The “CONQUEROR of the Seas” (sidenote: A Real Game: Conqueror of the Seas) is so far ahead of my skill level, here. They actually made a game. “Conqueror of the Seas” is a much, MUCH better game than “Pirates vs. Chefs: Y’arr Onion War”. It looks like they’ve poured a lot of love into this thing.

If I were able to generate much better capsule art, it wouldn’t make gaming better. It would simply make capsule art worthless, because it would no longer signify anything about game quality. Which, I mean, isn’t that different: we’re already most of the way there.
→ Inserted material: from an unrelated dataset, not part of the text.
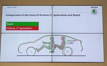 Rapid fantázianévvel már van egy autó a piacon, de az Indiában megvásárolható autó a Fabia alapjaira épült. Az új Rapid a Fabiánál nagyobb, nem sok közük van egymáshoz. Külső és belső méreteiben az első Octavia az etalon. Bár csak 1135 kg a kocsi súlya, külméreteiben, belső térkínálatában az első generációs Octavia szintjét nyújtja. A hátsó fej- és lábtérre azt mondják, az osztály legjobbja. A magam 185 centijéhez beállított vezetőülés mögé beülve még kényelmesen betettem a tenyeremet a háttámla és a térdem közé – hosszában. Széltében már nem volt ennyire meggyőző a helykínálat. Ez, ha tudjuk, hogy a Rapid a VW Polóval is szoros rokonságban áll, nem túl meglepő, de igazából 1428 milliméteren három nem túl széles pantomimművész azért elfér.

AI Slop is very, very quickly developing an association with incredibly low quality work.

In Jenna Stoeber’s “230 Games Came out in the First Week of 2026: An Investigation”:

She explores what people are dumping on to Steam, and - AI or not - it’s mostly trash. AI is just there to help as a marker of the very lowest effort trash, games where people couldn’t even be bothered to put in the effort of creating them.

Maybe that creates a future where this is the true sign of quality:

Obviously, unabashedly handmade. Boldly amateur.

You know, like how fast fashion turned homemade and vintage-looking clothes into something desirable rather than a sign your parents are poor.